(The data begins)

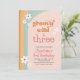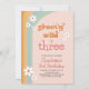 L'invitation pour la fête d'anniversaire de cette fille présente un design amusant des années 70 avec le texte "super sauvage et trois". Le design est accentué par des couleurs boho, des marguerites blanches et une police de style rétro. L'âge peut être modifié pour n'importe quel enfant d'âge.
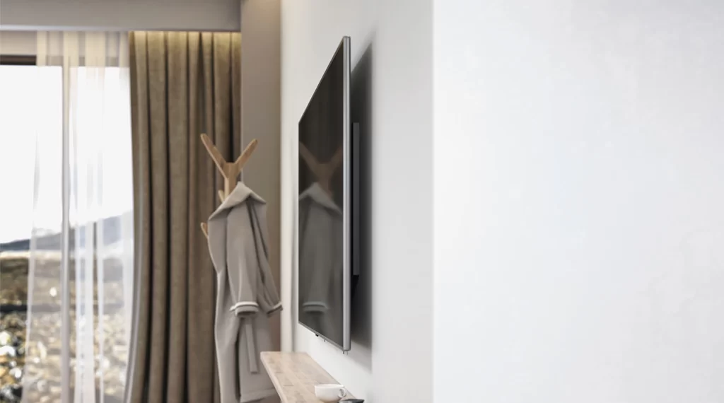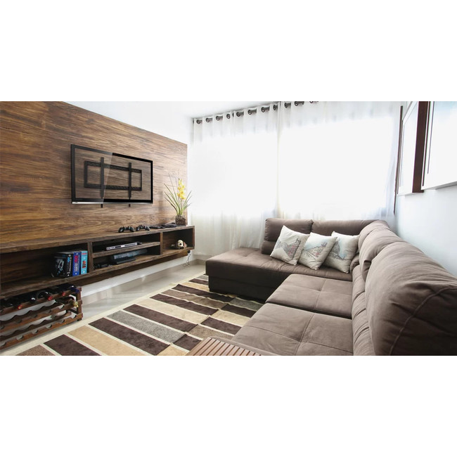 Easily attaches to most 60” to 100” TV screens weighing up to 110kgs using the supplied hardware kit and without the need for special tools. The slim design allows the screen to sit just 32mm from the wall while providing plenty of room to accommodate HDMI, audio, power and other cables that attach to the TV.
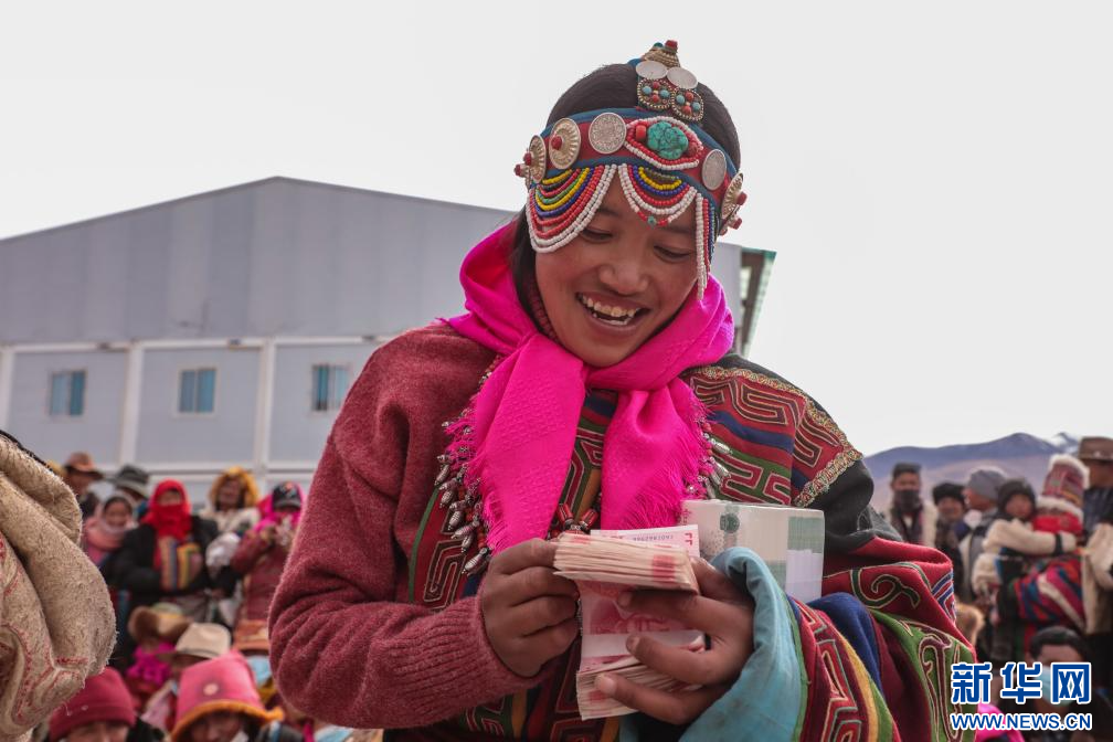 合作社社員領(lǐng)到現(xiàn)金分紅(11月28日攝)。新華社發(fā)(索朗仁青 攝)

(The data ends)

Reproduce the material word for word, minus the images.

### Exercise result
 L'invitation pour la fête d'anniversaire de cette fille présente un design amusant des années 70 avec le texte "super sauvage et trois". Le design est accentué par des couleurs boho, des marguerites blanches et une police de style rétro. L'âge peut être modifié pour n'importe quel enfant d'âge.
 Easily attaches to most 60” to 100” TV screens weighing up to 110kgs using the supplied hardware kit and without the need for special tools. The slim design allows the screen to sit just 32mm from the wall while providing plenty of room to accommodate HDMI, audio, power and other cables that attach to the TV.
 合作社社員領(lǐng)到現(xiàn)金分紅(11月28日攝)。新華社發(fā)(索朗仁青 攝)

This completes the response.